Those Who Love Night
Page 15
“You will get your instructions. But you see to it that nothing happens to them.”
“And the thing of their extra food. The thing of their special food makes the other prisoners angry. Things are tough enough here without that.”
“Food is coming from Beira. The World Food Program is sending it.”
“For all the prisoners?”
“Yes, both the politicals and the others.”
“Coming when?”
“Soon. It’s coming soon. It’s already passed through Beira. In the meantime carry on this way.”
The voices drifted away and the fog again rose from the floor, enfolding him from every side. It drew back with the sound of breath being sucked in. It came close again as the breath was released, accompanied by a hoarse whistling.
Tony knew that the fog brought with it protection. It insulated him against the violence and brutality that seemed to surround everyone in his country, perhaps all of humanity. And yet fear also came out of the fog. The fear came every night. He had learned to expect it by this time, and he had been waiting. He knew that if he waited very quietly and did not fight it, it would pass. After that the fog would again be his, and he would be safe.
25
On Monday morning, Abigail was woken by her hotel phone ringing. A furious Helena was on the other end of the line. “So you were fucking the enemy last night.”
It may have been close, but I never did it, Abigail thought. She adopted her most outraged tone. “I wasn’t fucking anybody last night. And your information is out of date. I did have dinner with the enemy the night before last.” She had spent Sunday in her hotel room, eating room service sandwiches, drinking coffee and occasionally trying to think. At other times she had tried not to think.
“Why? How do we know we can trust you now?” If Abigail had held the phone a meter from her ear, she would still have heard every word.
“The real question is—how can I trust you? Why didn’t you tell me about the explosion at party headquarters?”
“It wasn’t relevant.”
“Not relevant? You were going to allow it to be sprung on me in court, were you?”
“After this, I’m not sure our people are going to be happy with you representing us.” Helena was trying hard to regain the offensive.

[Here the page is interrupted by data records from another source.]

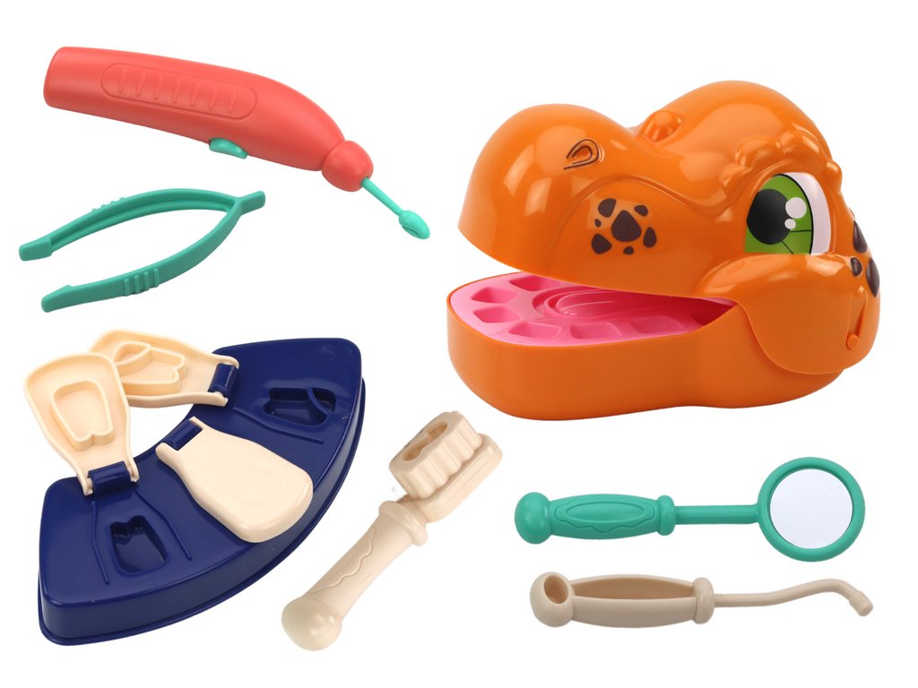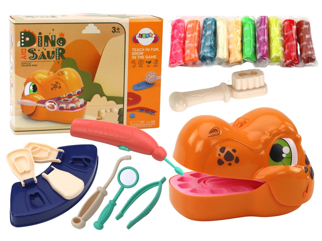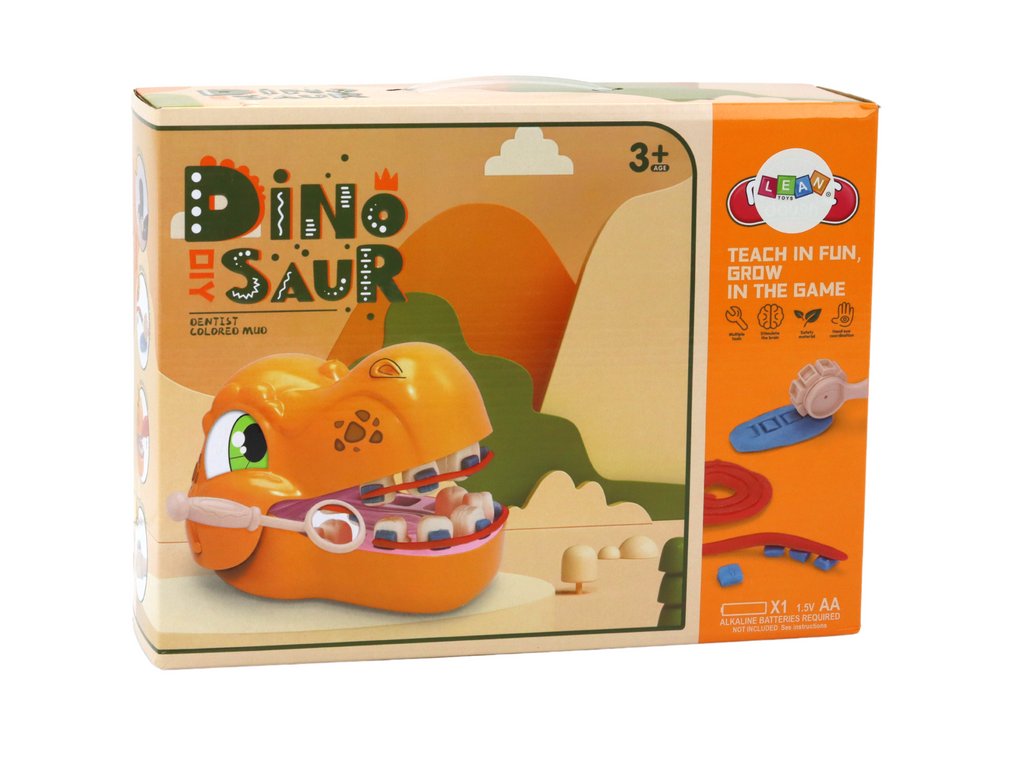 V balení najdete vše, co ke hře potřebujete: dinosauří hlavu, sáčky s barevnou plastovou hmotou, formičky na otiskování zubů, nástroj na otiskování ortodontických zámků a další potřebné dentální doplňky. Díky rozmanitosti prvků si děti mohou představit samy sebe jako profesionální zubaře a praktikovat různé stomatologické výkony.
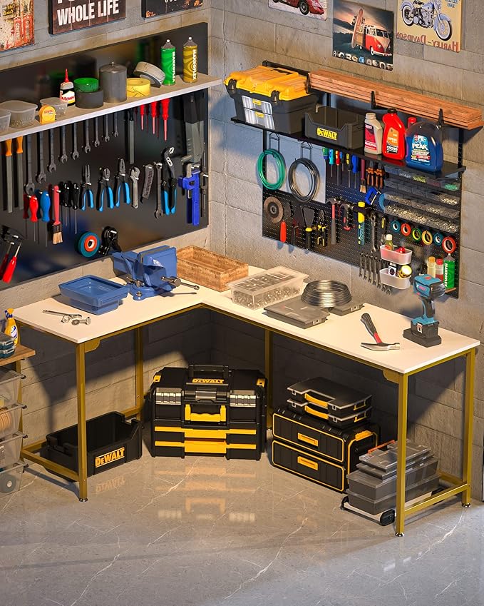 Teraves Modern L-Shaped Desk 66'' Corner Computer Desk Home Office Study Workstation Wood & Steel PC Laptop Gaming Table
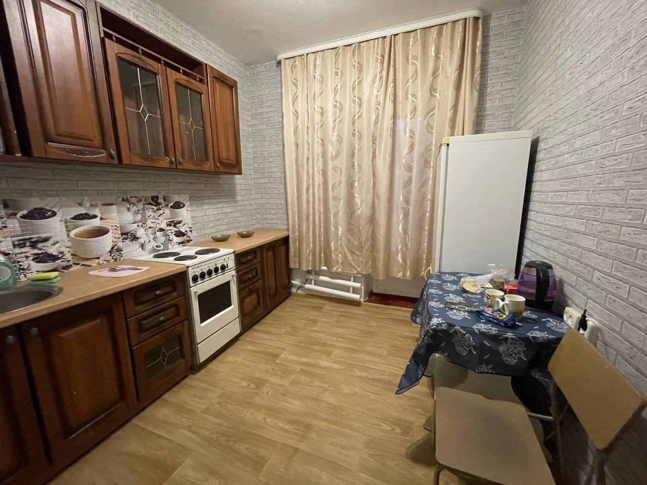 В квартире остается кухонный гарнитур, плита, холодильник.

“And I’m not happy representing people who hide relevant facts from me. I’ll be on the next flight to Johannesburg. Goodbye.” She hung up.
Almost immediately the phone rang again. Abigail briefly considered ignoring it. When she did answer, Helena was trying to sound calmer. “You can’t expect me to be calm after last night.”
“I was not making friends with the other side…”
“I’m not talking about that,” Helena yelled. “I’m talking about the twins.”
“What about the twins?”
“Didn’t your boyfriend tell you? His mob picked them up last night after they broke down the door of the flat where they were watching the prison gate. They’re in custody too.”
After she had hung up, Abigail dialed the cell phone number Chunga had given her. When she heard the recorded voice telling her to leave a message, she hung up and started dressing for breakfast.
* * *
The hotel had a small terrace where you could have breakfast served. She found a table that had just enough sunlight filtering through the branches of a tree. The breakfast menu was identical to that of the day before. She ordered two slices of French toast and coffee to come immediately.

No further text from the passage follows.